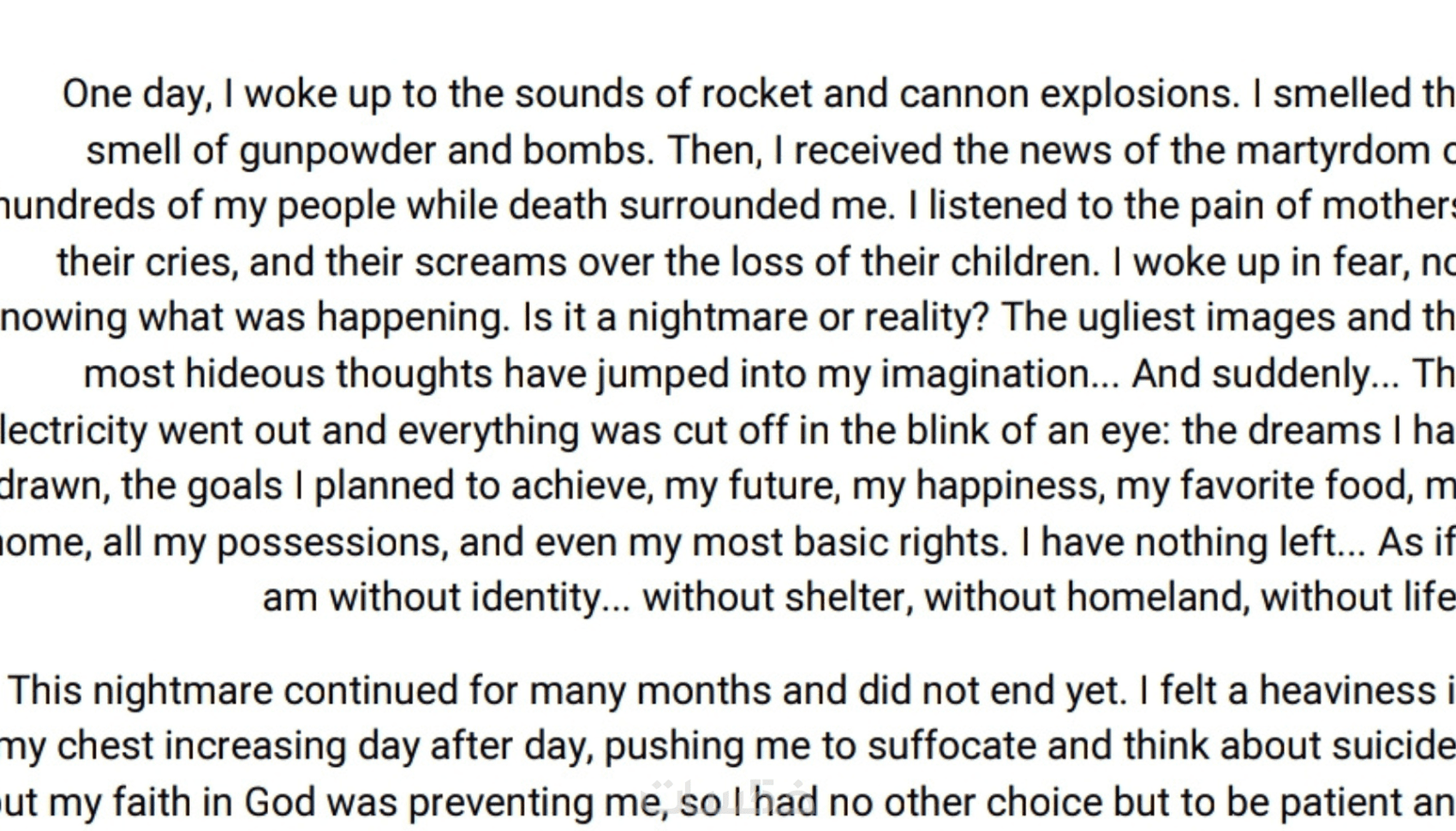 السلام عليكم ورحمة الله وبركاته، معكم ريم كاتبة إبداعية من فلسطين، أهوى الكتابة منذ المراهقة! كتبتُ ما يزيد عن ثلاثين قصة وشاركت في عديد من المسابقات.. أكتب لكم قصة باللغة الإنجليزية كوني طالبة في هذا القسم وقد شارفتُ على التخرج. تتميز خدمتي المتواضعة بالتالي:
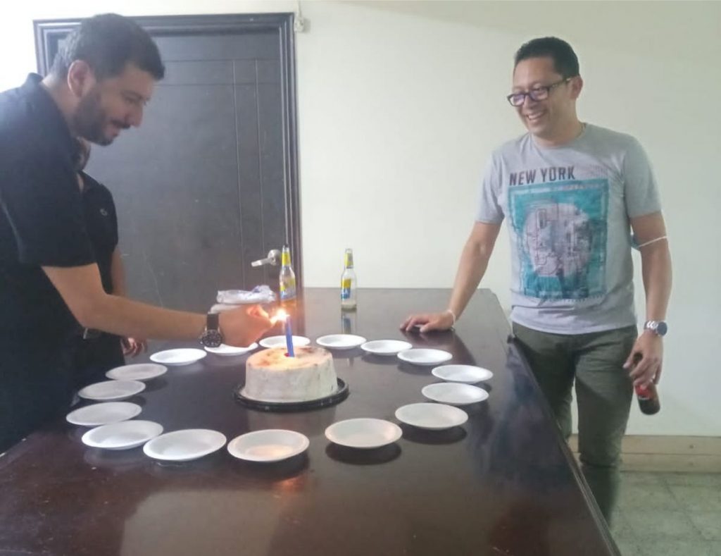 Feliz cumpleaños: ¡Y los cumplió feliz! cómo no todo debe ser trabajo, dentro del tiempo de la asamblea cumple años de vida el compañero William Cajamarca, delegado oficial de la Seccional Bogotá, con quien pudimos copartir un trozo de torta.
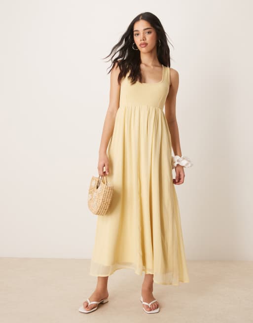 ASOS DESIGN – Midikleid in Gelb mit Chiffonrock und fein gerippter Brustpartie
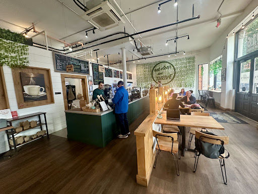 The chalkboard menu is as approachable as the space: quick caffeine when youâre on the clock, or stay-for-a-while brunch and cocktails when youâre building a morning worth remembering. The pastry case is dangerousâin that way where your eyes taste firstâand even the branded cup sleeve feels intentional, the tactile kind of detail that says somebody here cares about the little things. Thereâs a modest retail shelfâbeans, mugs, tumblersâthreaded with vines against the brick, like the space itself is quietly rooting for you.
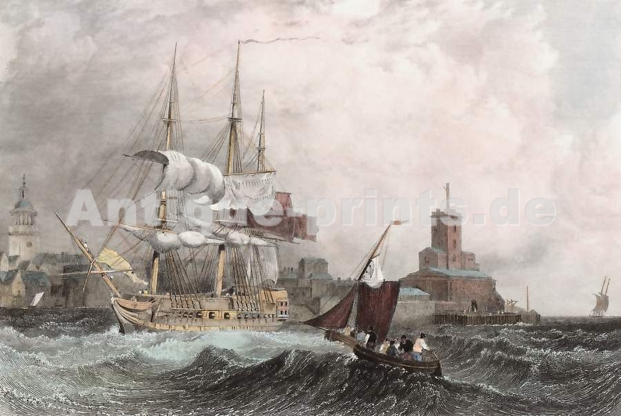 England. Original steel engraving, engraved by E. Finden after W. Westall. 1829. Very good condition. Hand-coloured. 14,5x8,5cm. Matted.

• • • •

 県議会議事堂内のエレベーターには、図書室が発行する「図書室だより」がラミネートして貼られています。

• • • •

Problem statement:
Starting with the line above that holds "The chalkboard menu", restate each line word for word up to and including the line that holds "England. Original steel". Drop the pictures.

Reply:
 The chalkboard menu is as approachable as the space: quick caffeine when youâre on the clock, or stay-for-a-while brunch and cocktails when youâre building a morning worth remembering. The pastry case is dangerousâin that way where your eyes taste firstâand even the branded cup sleeve feels intentional, the tactile kind of detail that says somebody here cares about the little things. Thereâs a modest retail shelfâbeans, mugs, tumblersâthreaded with vines against the brick, like the space itself is quietly rooting for you.
 England. Original steel engraving, engraved by E. Finden after W. Westall. 1829. Very good condition. Hand-coloured. 14,5x8,5cm. Matted.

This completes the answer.